Zwangerschap en borstvoeding: aanpak van nausea en braken (bijgewerkt in oktober 2021)
- Het is belangrijk om minder ernstige klachten te onderscheiden van hyperemesis gravidarum, een ernstige vorm van zwangerschapsbraken waarvoor een andere aanpak, dikwijls met hospitalisatie, vereist is.
- Niet-medicamenteuze maatregelen krijgen de voorkeur. Als die niet volstaan, kan een medicamenteuze behandeling overwogen worden.
- Voorzichtigheid is geboden bij de beslissing om een geneesmiddel voor te schrijven en bij de keuze van het geneesmiddel, omdat de symptomen meestal optreden in de kritische periode van de organogenese. Het is niet eenvoudig de literatuurgegevens te beoordelen, gezien deze vaak beperkt zijn, en hun kwaliteit vaak gering.
- Volgens onze vaste bronnen kunnen gember, pyridoxine, doxylamine, meclozine en metoclopramide gebruikt worden tijdens de zwangerschap.
Volgens onze vaste bronnen kunnen gember, pyridoxine, domperidon en metoclopramide gebruikt worden tijdens de borstvoedingsperiode.
Zwangerschap
Nausea en braken komen vaak voor in het begin van de zwangerschap.
-
Over het algemeen zijn deze symptomen mild en verdwijnen ze spontaan of door niet-medicamenteuze maatregelen. Deze maatregelen vormen de basis van de aanpak en bestaan uit een aangepast dieet, d.w.z. voldoende drinken, in kleine hoeveelheden (bij voorkeur koude dranken), en kleine maaltijden (bij voorkeur koude gerechten, rijk aan eiwitten en suiker, en vetarm). Daarnaast wordt aangeraden sterke geuren te vermijden en veel te rusten.1 Voor andere niet-medicamenteuze maatregelen zoals acupunctuur bestaat er geen goede evidentie dat ze werkzamer zijn dan placebo1,2.
-
Hyperemesis gravidarum gaat gepaard met zeer hevig braken, met mogelijk nefaste gevolgen voor de gezondheid van de moeder en de ontwikkeling van de foetus. Bij hyperemesis gravidarum dient de medicamenteuze behandeling gepaard te gaan met het behandelen van eventuele complicaties (dehydratie, metabole en elektrolytenstoornissen, voedingstekorten), zeer vaak in het ziekenhuis1,3.
Medicamenteuze aanpak
Wanneer niet-medicamenteuze maatregelen niet volstaan, kan een medicamenteuze behandeling overwogen worden. Voorzichtigheid is geboden bij de beslissing om een geneesmiddel voor te schrijven en bij de keuze van het geneesmiddel, omdat de symptomen meestal optreden in de kritische periode van de organogenese.

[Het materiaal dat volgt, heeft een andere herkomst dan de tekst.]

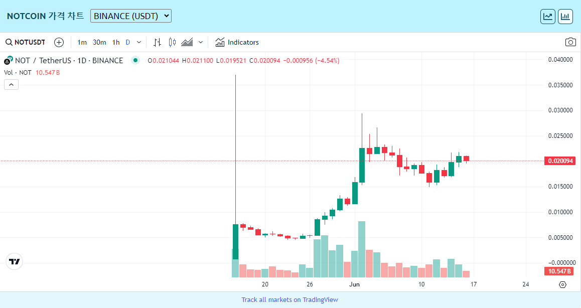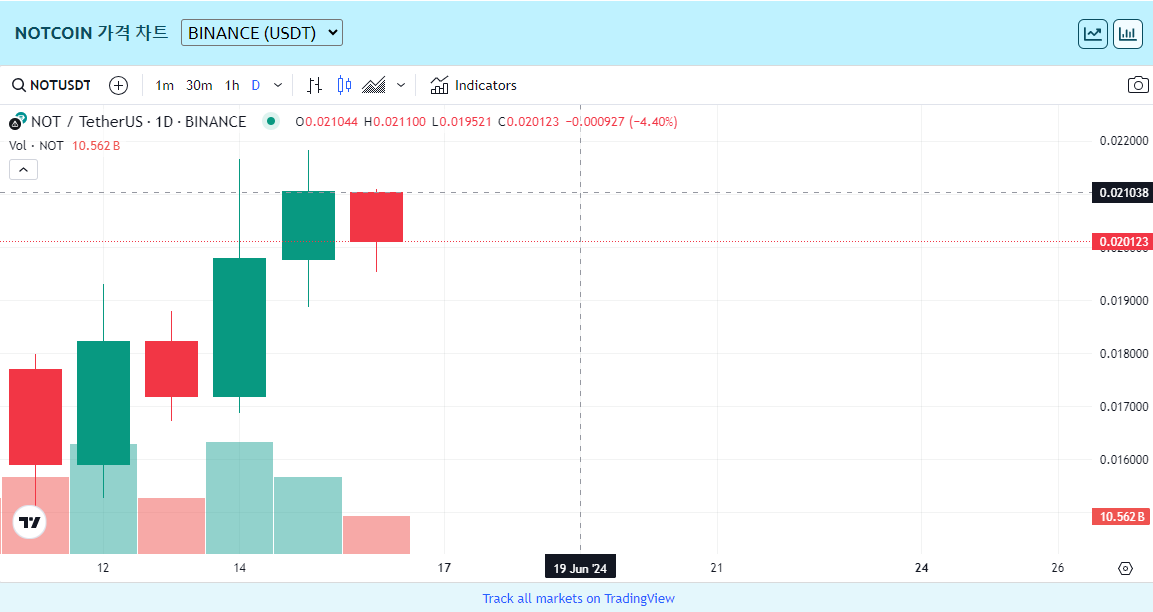 6/17일 아침 NOT코인의 현황ariana123 (53)in #kr • 2 years ago 현재의 NOT코인의 현황 현재는 그렇게 좋지 않은 모습을 보이지 않는데 그래도 0.02$는 꾸준히 유지되고 있습니다. 단기적인 방향에서는 이 0.021$만 넘으면 0.025$로도 갈 수 있을 것 같은데 한번 봐야 할 듯 합니다. 개인적으로는 올라서 한번 소고기 사 먹고 싶은 NOT코인 힘내라! 아자 아자 파이팅! 영차~ 영차~ 그럼 오늘의 NOT코인 일기 끝! #krsuccess #not #notcoin #altcoin #notchart

De gegevens over de veiligheid van de anti-emetica die hieronder besproken worden, zijn afkomstig van onze vaste bronnen, met name Drugs in Pregnancy and Lactation. A Reference Guide to Fetal and Neonatal Risk (Briggs), de website “Bijwerkingencentrum Lareb” (Nederland), de website van Le CRAT (Centre de Référence sur les Agents Tératogènes, Frankrijk) en enkele artikels uit La Revue Prescrire1-4. De hieronder vermelde producten zijn echter niet allemaal opgenomen in elk van die bronnen.
Er zijn weinig gegevens van goede kwaliteit over de werkzaamheid van anti-emetica bij de aanpak van nausea en braken tijdens de zwangerschap.
Voor homeopathische geneesmiddelen is er geen degelijk bewijs dat ze werkzamer zijn dan placebo.1,2
Tabel. Aanbevelingen uit onze vaste bronnen over het gebruik van anti-emetica tijdens de zwangerschap
H1-antihistamica:
Doxylamine |
Mag gebruikt worden. Er zijn voor doxylamine geen aanwijzingen van een teratogeen effect bij dier of mens. Het is onduidelijk of blootstelling aan doxylamine op het einde van de zwangerschap ongewenste effecten bij de pasgeborene veroorzaakt.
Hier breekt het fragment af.